DATASET SECTION: Begin
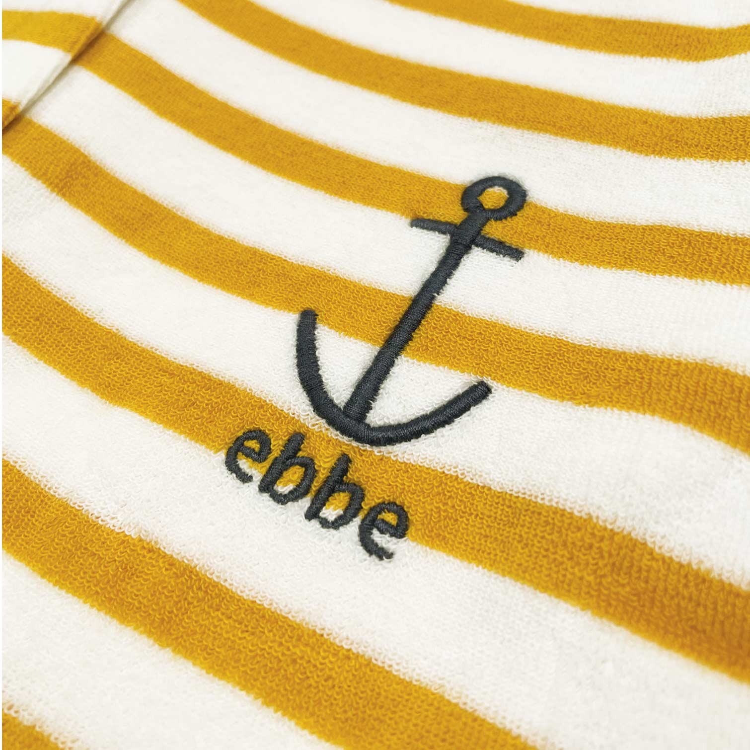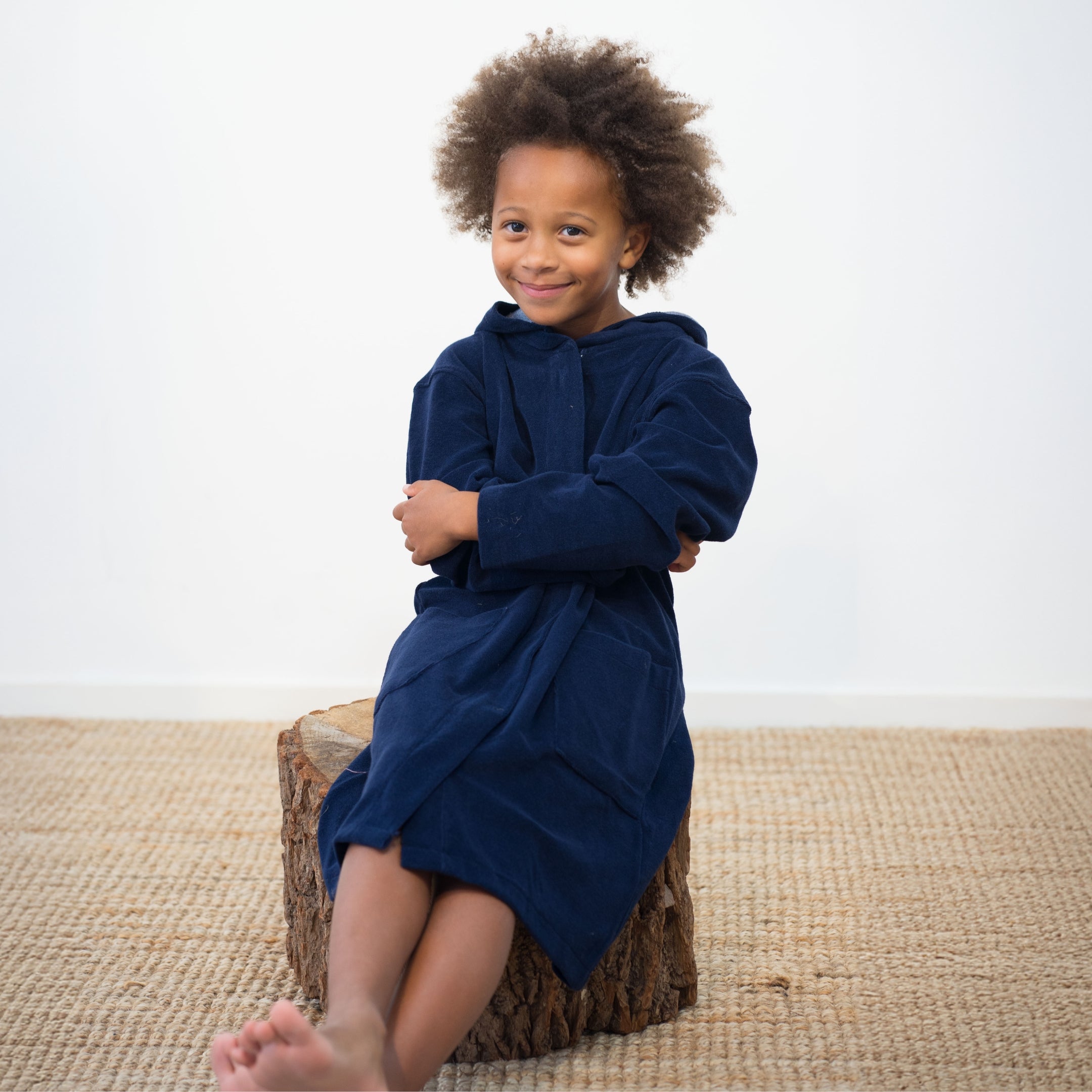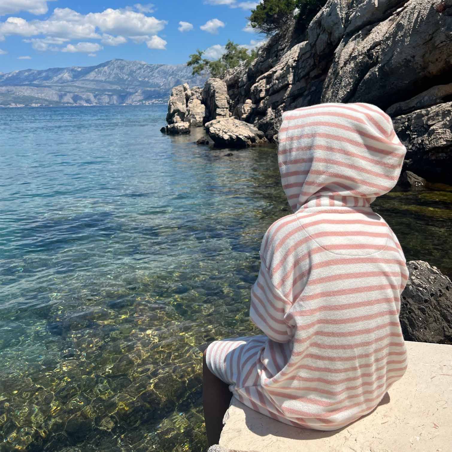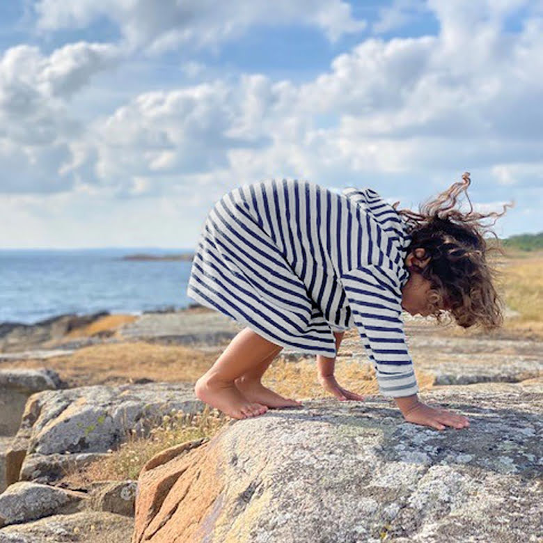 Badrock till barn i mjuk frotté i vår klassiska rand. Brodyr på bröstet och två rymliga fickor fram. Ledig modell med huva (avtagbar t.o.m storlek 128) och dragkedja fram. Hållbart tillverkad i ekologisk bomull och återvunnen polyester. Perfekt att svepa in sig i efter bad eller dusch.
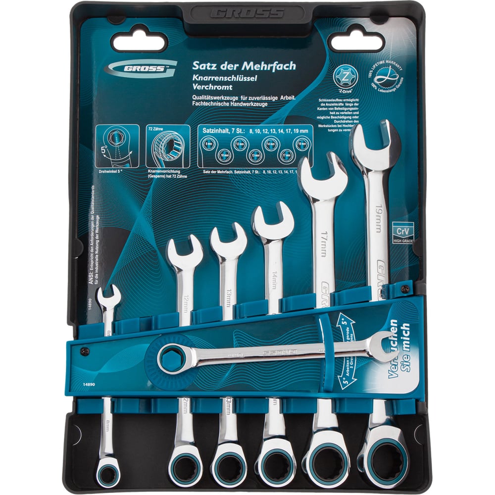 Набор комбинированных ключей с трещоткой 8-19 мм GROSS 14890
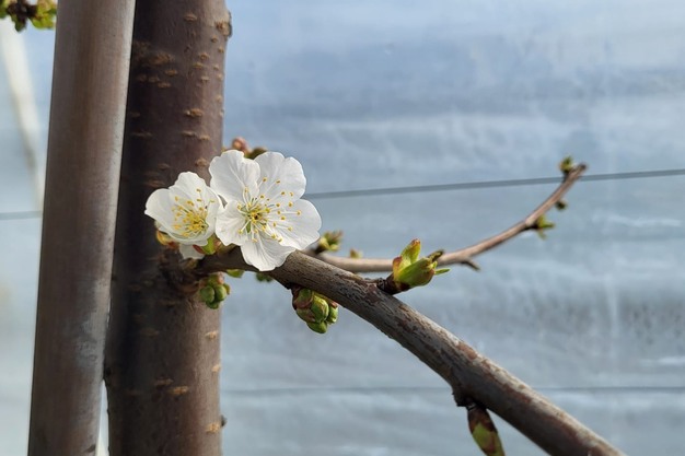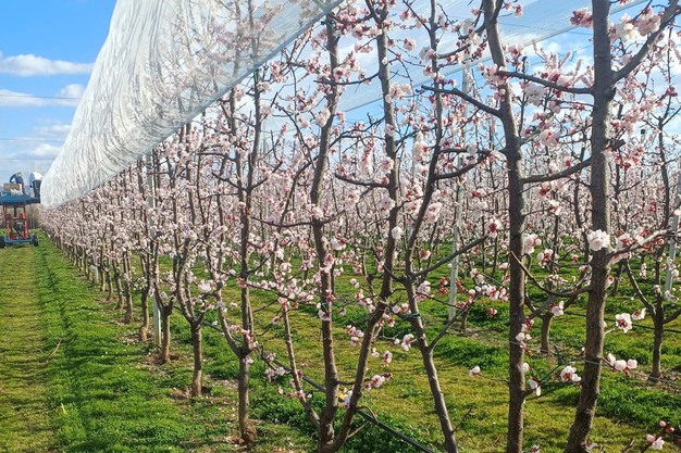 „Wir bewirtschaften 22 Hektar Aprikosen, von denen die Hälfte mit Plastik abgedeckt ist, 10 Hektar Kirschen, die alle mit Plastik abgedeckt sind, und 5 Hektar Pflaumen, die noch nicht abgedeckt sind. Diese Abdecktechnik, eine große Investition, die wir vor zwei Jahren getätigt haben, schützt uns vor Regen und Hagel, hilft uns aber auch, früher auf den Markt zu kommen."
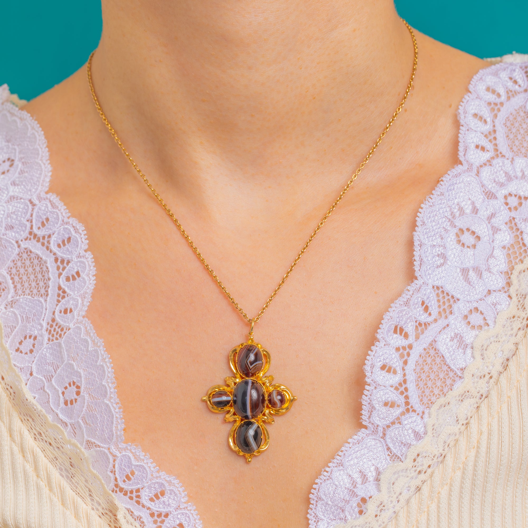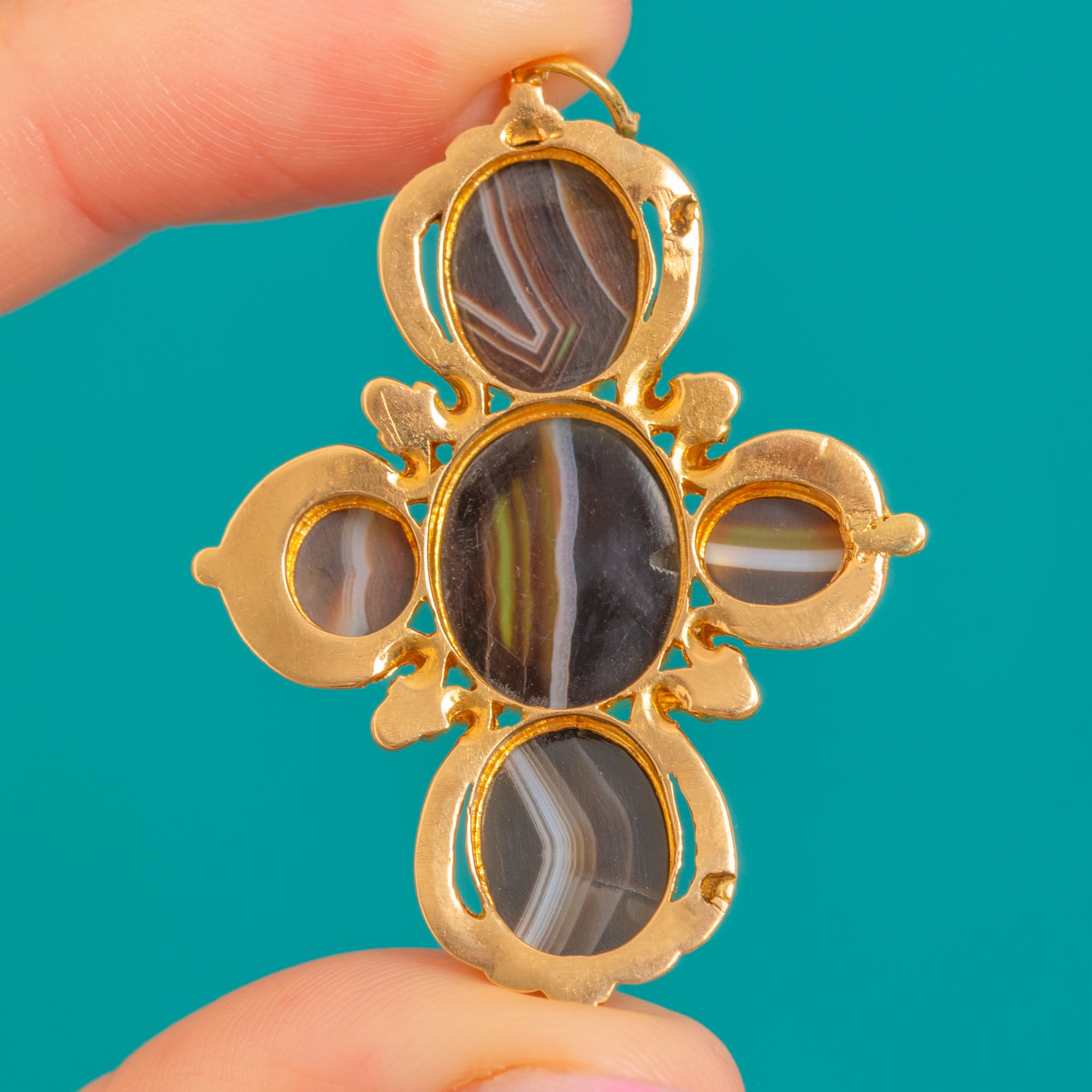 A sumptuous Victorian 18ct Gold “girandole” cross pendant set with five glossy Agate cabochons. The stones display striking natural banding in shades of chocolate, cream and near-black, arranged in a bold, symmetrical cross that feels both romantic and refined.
DATASET SECTION: End
Print the data word for word and omit the pictures.

— ANSWER SECTION —
 Badrock till barn i mjuk frotté i vår klassiska rand. Brodyr på bröstet och två rymliga fickor fram. Ledig modell med huva (avtagbar t.o.m storlek 128) och dragkedja fram. Hållbart tillverkad i ekologisk bomull och återvunnen polyester. Perfekt att svepa in sig i efter bad eller dusch.
 Набор комбинированных ключей с трещоткой 8-19 мм GROSS 14890
 „Wir bewirtschaften 22 Hektar Aprikosen, von denen die Hälfte mit Plastik abgedeckt ist, 10 Hektar Kirschen, die alle mit Plastik abgedeckt sind, und 5 Hektar Pflaumen, die noch nicht abgedeckt sind. Diese Abdecktechnik, eine große Investition, die wir vor zwei Jahren getätigt haben, schützt uns vor Regen und Hagel, hilft uns aber auch, früher auf den Markt zu kommen."
 A sumptuous Victorian 18ct Gold “girandole” cross pendant set with five glossy Agate cabochons. The stones display striking natural banding in shades of chocolate, cream and near-black, arranged in a bold, symmetrical cross that feels both romantic and refined.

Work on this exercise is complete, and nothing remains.